## ASSIGNMENT
Could you give back exactly the lines below from the one with "Ёлочная игрушка Синий" through the one with "Das in drei", without a single picture?

## EXERCISE MATERIALS
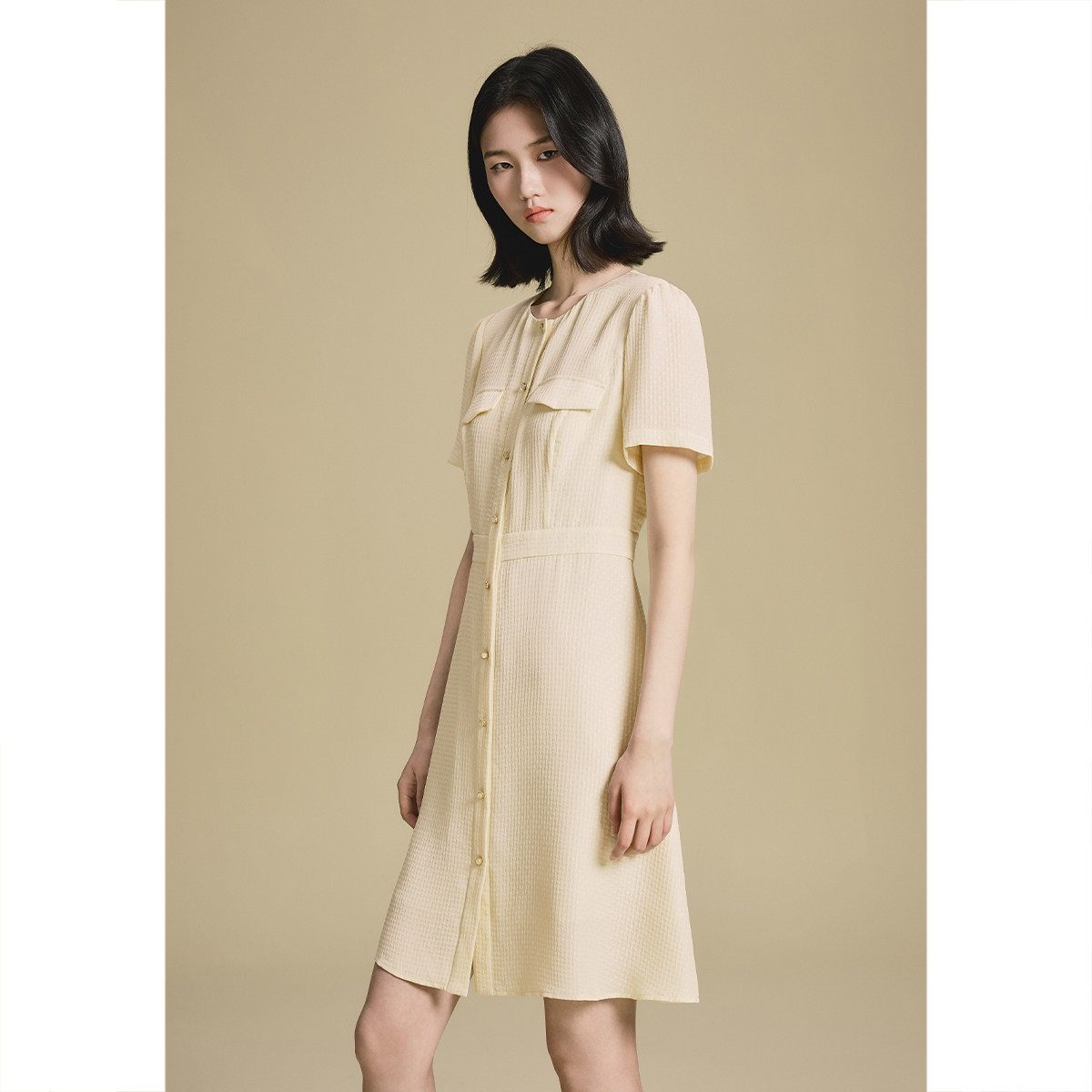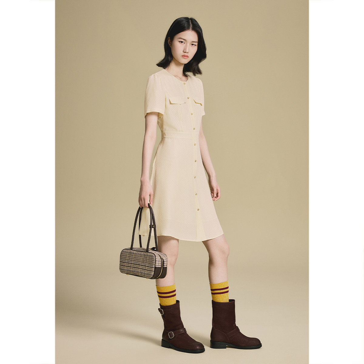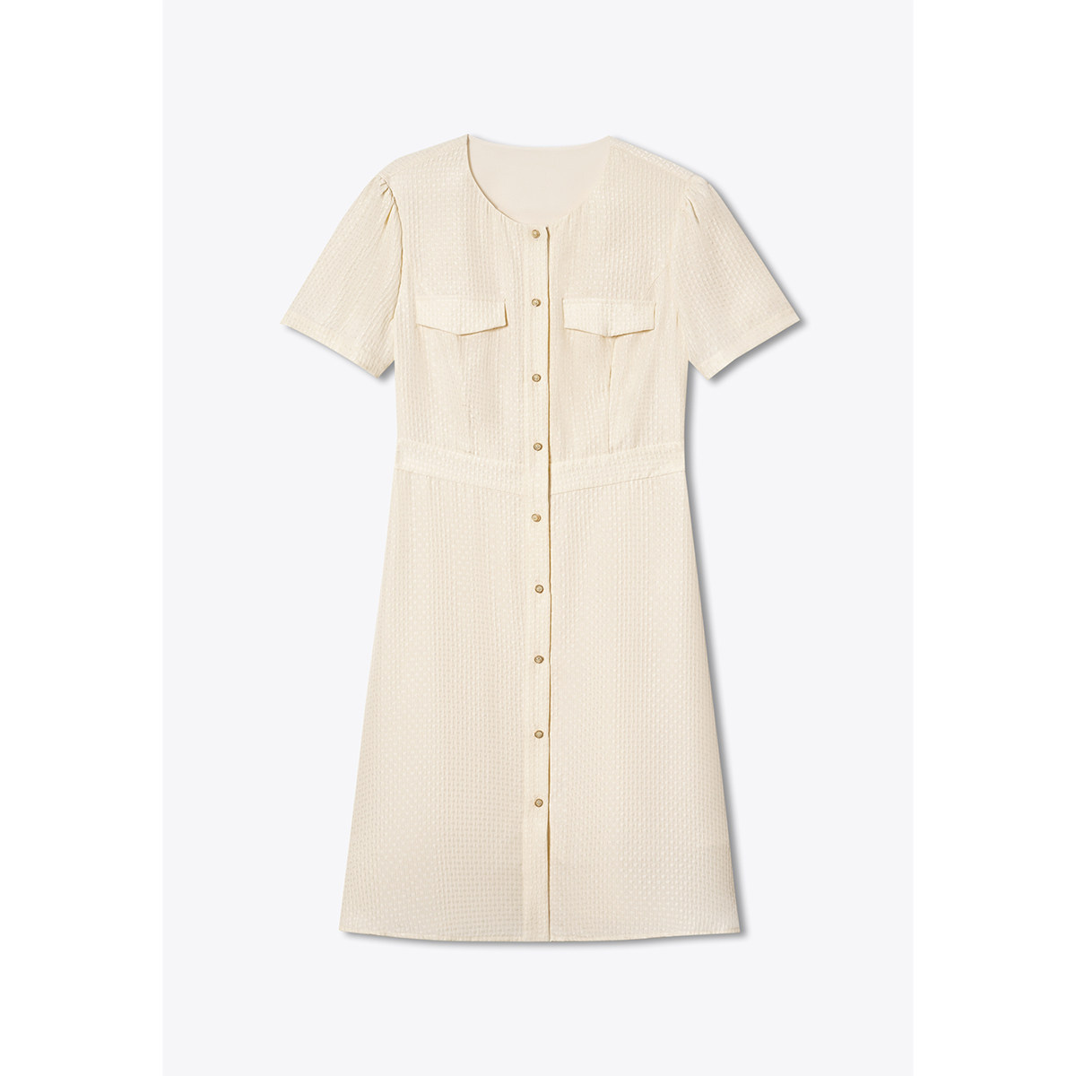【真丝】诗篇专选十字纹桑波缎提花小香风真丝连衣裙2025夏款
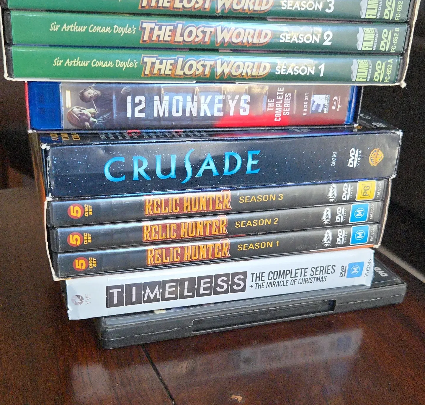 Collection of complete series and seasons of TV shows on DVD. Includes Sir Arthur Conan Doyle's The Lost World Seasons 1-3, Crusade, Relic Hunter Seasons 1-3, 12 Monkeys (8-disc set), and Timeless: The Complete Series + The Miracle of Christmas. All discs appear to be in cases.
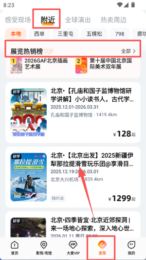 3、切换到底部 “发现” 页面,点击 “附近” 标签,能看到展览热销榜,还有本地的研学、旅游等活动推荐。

---

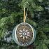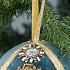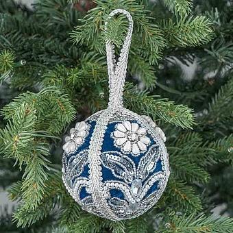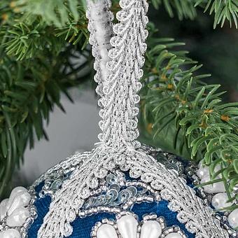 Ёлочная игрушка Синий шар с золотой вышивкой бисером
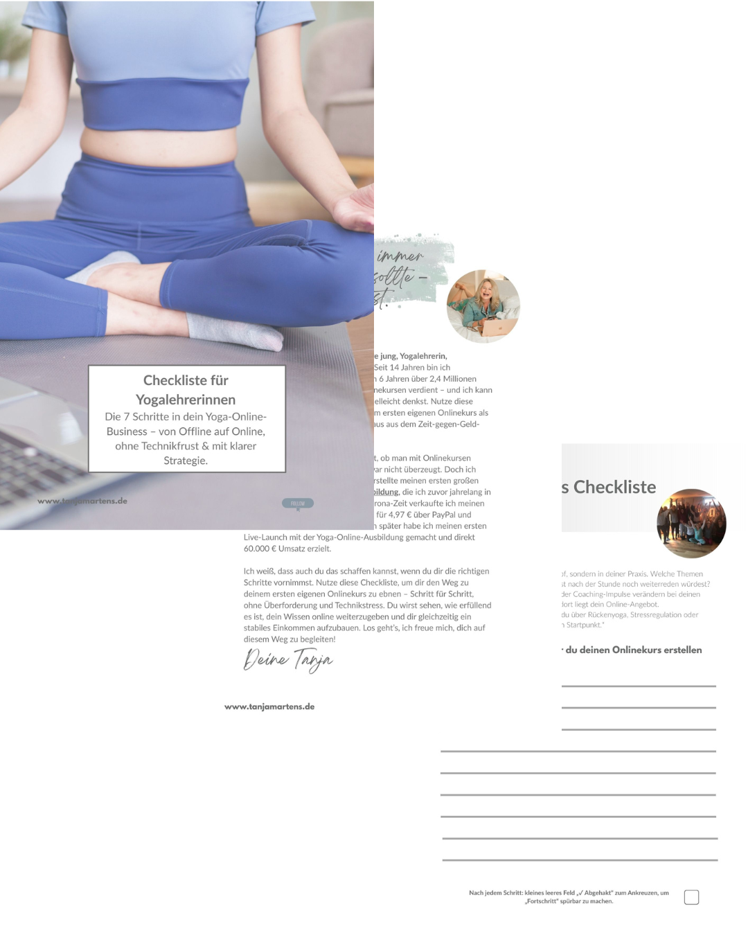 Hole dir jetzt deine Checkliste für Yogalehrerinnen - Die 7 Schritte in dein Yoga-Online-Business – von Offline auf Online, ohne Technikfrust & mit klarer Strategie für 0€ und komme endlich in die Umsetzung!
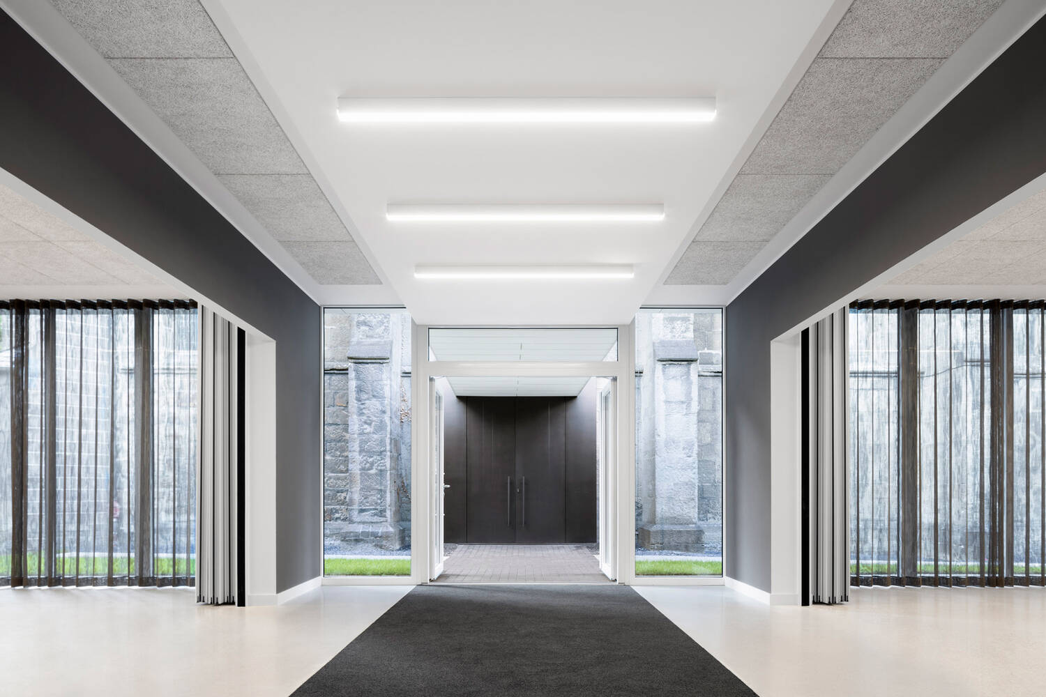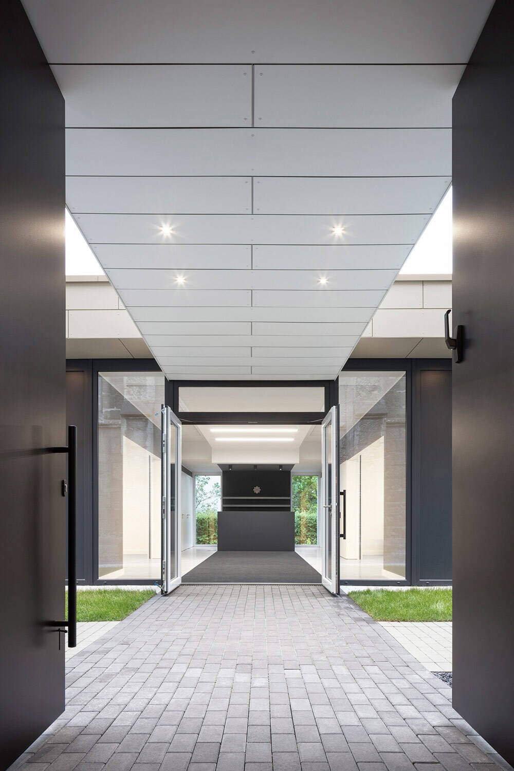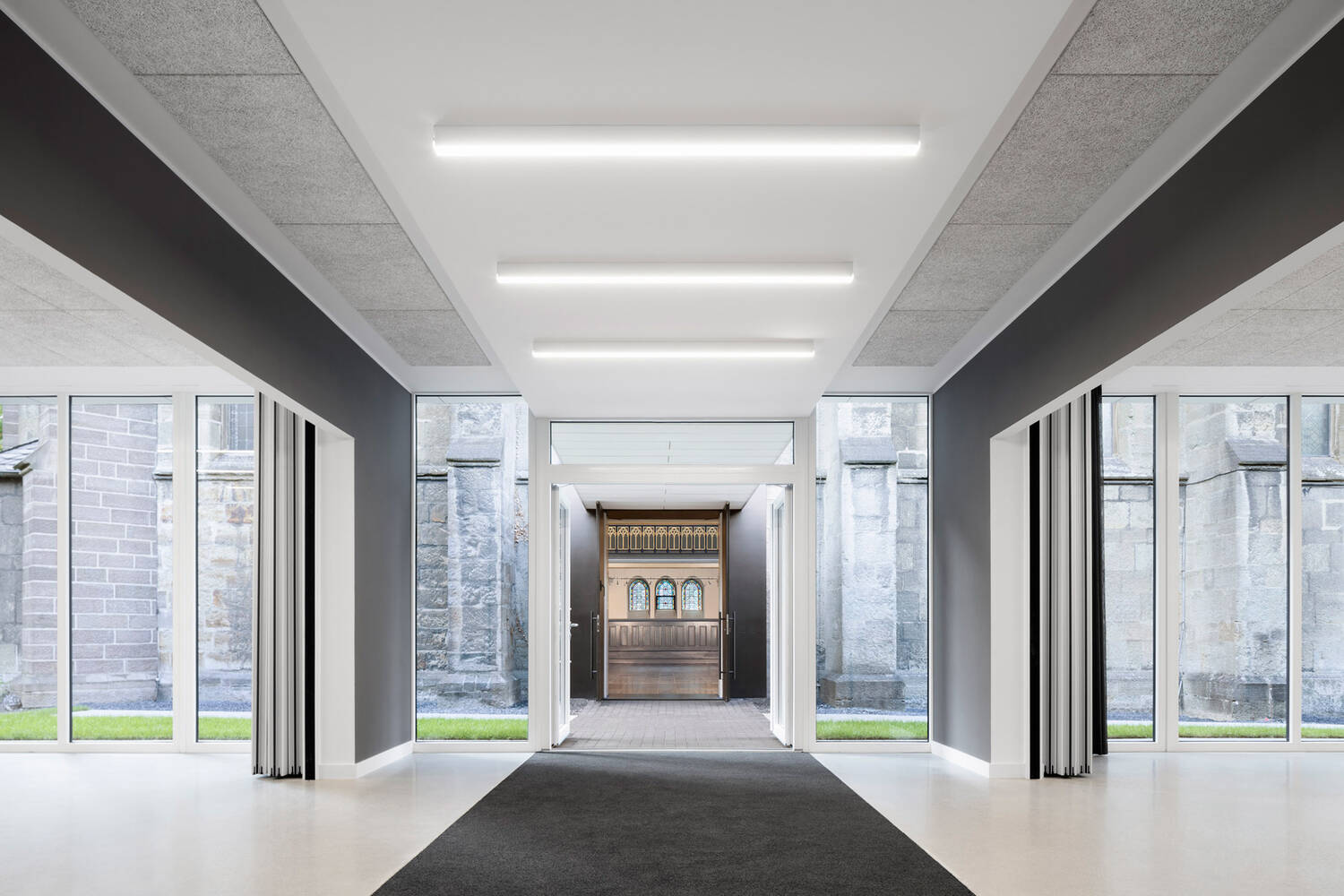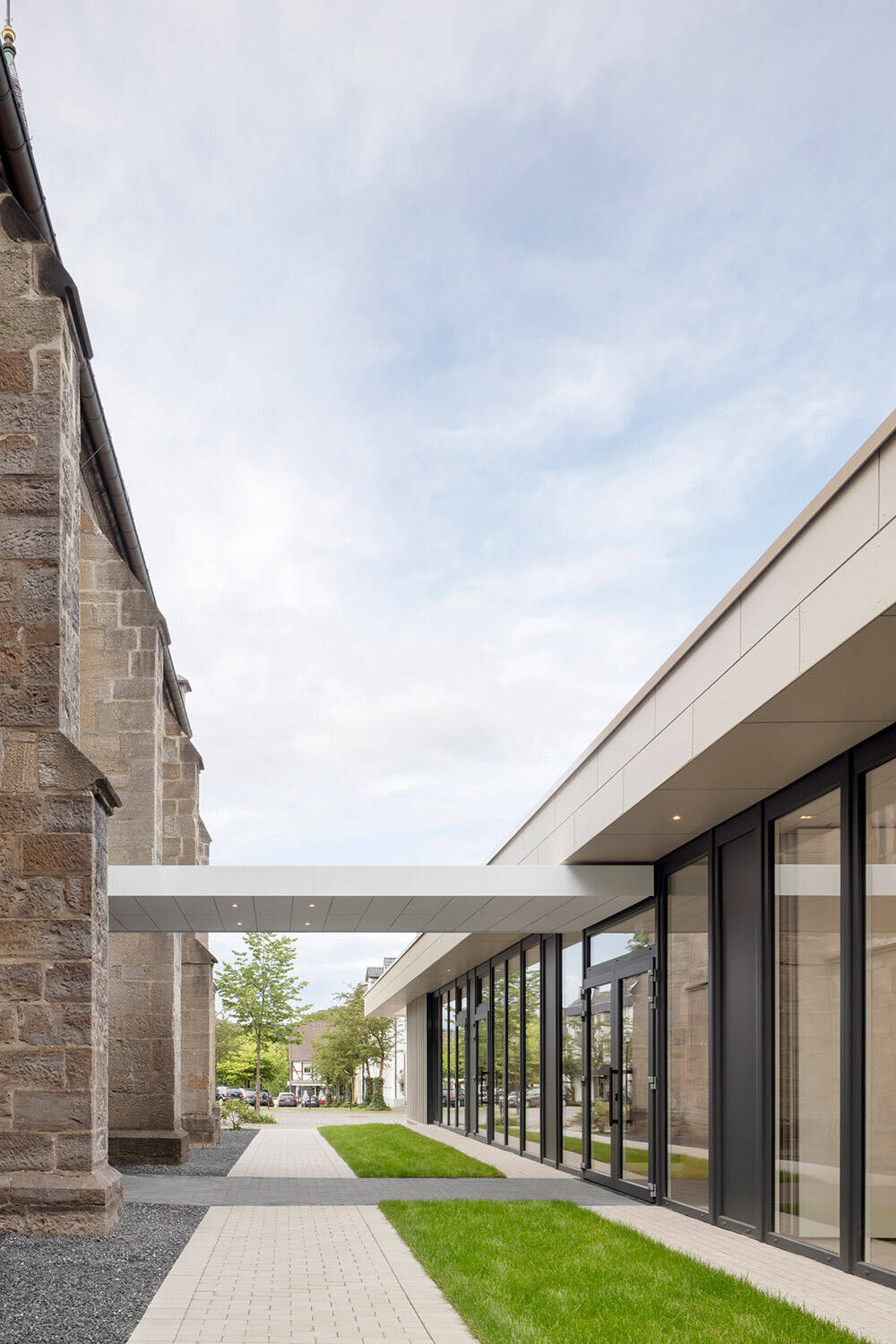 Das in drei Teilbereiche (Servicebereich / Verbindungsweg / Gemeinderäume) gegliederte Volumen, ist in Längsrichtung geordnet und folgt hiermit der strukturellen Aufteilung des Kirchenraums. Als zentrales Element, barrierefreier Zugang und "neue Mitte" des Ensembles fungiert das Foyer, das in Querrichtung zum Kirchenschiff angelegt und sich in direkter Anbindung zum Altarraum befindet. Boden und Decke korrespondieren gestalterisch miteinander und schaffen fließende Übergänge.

--

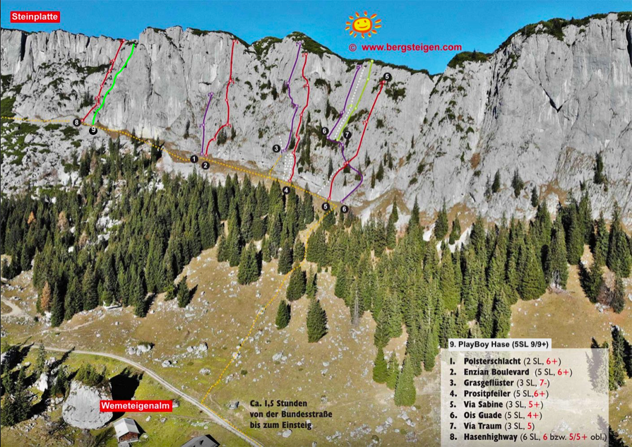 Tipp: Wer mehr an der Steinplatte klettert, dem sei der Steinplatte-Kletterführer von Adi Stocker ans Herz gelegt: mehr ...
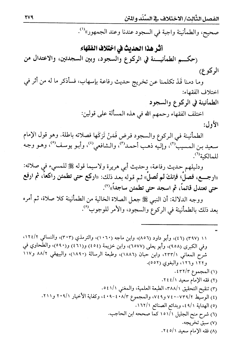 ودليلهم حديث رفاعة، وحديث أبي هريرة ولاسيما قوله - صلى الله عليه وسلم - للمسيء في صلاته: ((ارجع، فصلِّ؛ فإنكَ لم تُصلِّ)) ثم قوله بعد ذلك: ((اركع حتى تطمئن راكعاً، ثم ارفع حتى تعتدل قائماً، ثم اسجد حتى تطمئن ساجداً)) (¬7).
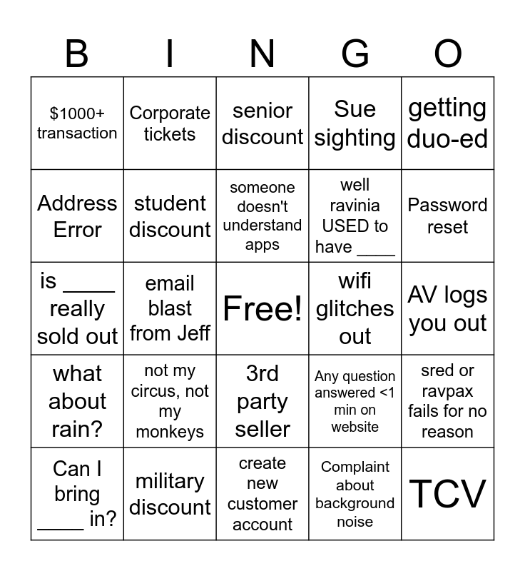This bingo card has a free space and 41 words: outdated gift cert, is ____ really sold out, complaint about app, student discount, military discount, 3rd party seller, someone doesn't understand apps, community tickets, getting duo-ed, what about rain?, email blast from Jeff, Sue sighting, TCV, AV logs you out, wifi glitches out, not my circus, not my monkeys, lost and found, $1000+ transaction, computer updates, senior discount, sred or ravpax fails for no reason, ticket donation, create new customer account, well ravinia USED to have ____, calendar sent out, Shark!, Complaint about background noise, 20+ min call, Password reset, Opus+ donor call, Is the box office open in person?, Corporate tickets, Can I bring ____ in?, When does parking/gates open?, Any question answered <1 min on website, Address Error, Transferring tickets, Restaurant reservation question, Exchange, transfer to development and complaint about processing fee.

## FINAL ANSWER
 Ёлочная игрушка Синий шар с золотой вышивкой бисером
 Hole dir jetzt deine Checkliste für Yogalehrerinnen - Die 7 Schritte in dein Yoga-Online-Business – von Offline auf Online, ohne Technikfrust & mit klarer Strategie für 0€ und komme endlich in die Umsetzung!
 Das in drei Teilbereiche (Servicebereich / Verbindungsweg / Gemeinderäume) gegliederte Volumen, ist in Längsrichtung geordnet und folgt hiermit der strukturellen Aufteilung des Kirchenraums. Als zentrales Element, barrierefreier Zugang und "neue Mitte" des Ensembles fungiert das Foyer, das in Querrichtung zum Kirchenschiff angelegt und sich in direkter Anbindung zum Altarraum befindet. Boden und Decke korrespondieren gestalterisch miteinander und schaffen fließende Übergänge.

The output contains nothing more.